One limitation of PSI are the associated costs and time needed for surgical planning and production of the surgical guides [
4]. In the case of malunions which do not need to be scheduled urgently, we think the benefits of a precise 3D PSI planning and surgical execution outweigh the costs and delay caused by the planning and production of the guides. Furthermore, the present study represents a small case series that needs to be confirmed by broader application and larger cohorts. Short follow-up time does not allow conclusion about osteoarthritis in the long-term. However, all patients reported excellent patient-reported outcome measures after medium-term follow-up of a minimum of three years. In case of present radiologic signs for osteoarthritis it appears that, it has no significant impact on the functional outcome at mid-term follow-up. Another limitation may be the operation by a single surgeon. For better comparability and the uniform intraoperative approach, this may be an advantage for this feasibility study, but needs to be reproducible in a larger scale including more surgeons. Furthermore, the retrospective assessment of the patients function preoperatively represents a certain bias and important limitation concerning the functional outcome. Nevertheless, even though it is not objectifiable retrospectively, all patients reported on clear improvement compared to their situation prior to the corrective osteotomy.

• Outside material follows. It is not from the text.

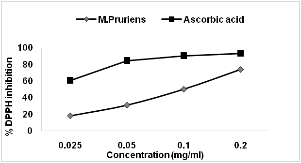 Mucuna pruriens seed extract showed DPPH radical scavenging activity of 18.24 %, 31.13%, 50.27% and of 72.95% at different concentrations of 0.025 mg/ml, 0.05 mg/ml, 0.1 mg/ml and 0.2 mg/ml respectively. The corresponding percentage of DPPH radical scavenging activity of reference control ascorbic acid were 60.79%,84.65%, 90.41% and 93.24%. Showed a maximum activity of 93.24% at the same concentration (table 2). A significant percentage inhibition of DPPH by mucuna Pruriens seed extract (72.95) was observed at the highest concentration of 0.2 mg/ml as represented in the fig. 1.

Concerning the pre- and postoperative clinical examination results presented in Table
2. has to be mentioned, that certain information are missing limiting the expressive power. However, in our opinion, there is still enough data to be able to give a statement on the improvement the patient have undergone. For the same reason, we decided to include the patient for whom PSI correction of malformation was performed without 3D-planned guides. Technically, it still represents a corrective osteotomy of an intraarticular step. Inclusion of this case might diminish the expressiveness of 3D-planned PSI, but clinically the patient gives us further information on the outcome of an intraarticular correction. This case, due to a very small fragment size which needed correction, may also demonstrate the boundaries of PSI surgery in the phalanges at the current stage. The personal experience showed, that a fragment needs to be at least 4x5x6mm to use PSI guides. Additionally, surface structure is of importance, since edgy surfaces, where fragments can fit into are easier to address. Further scientific investigations are needed to be able to draw conclusions concerning this special problem.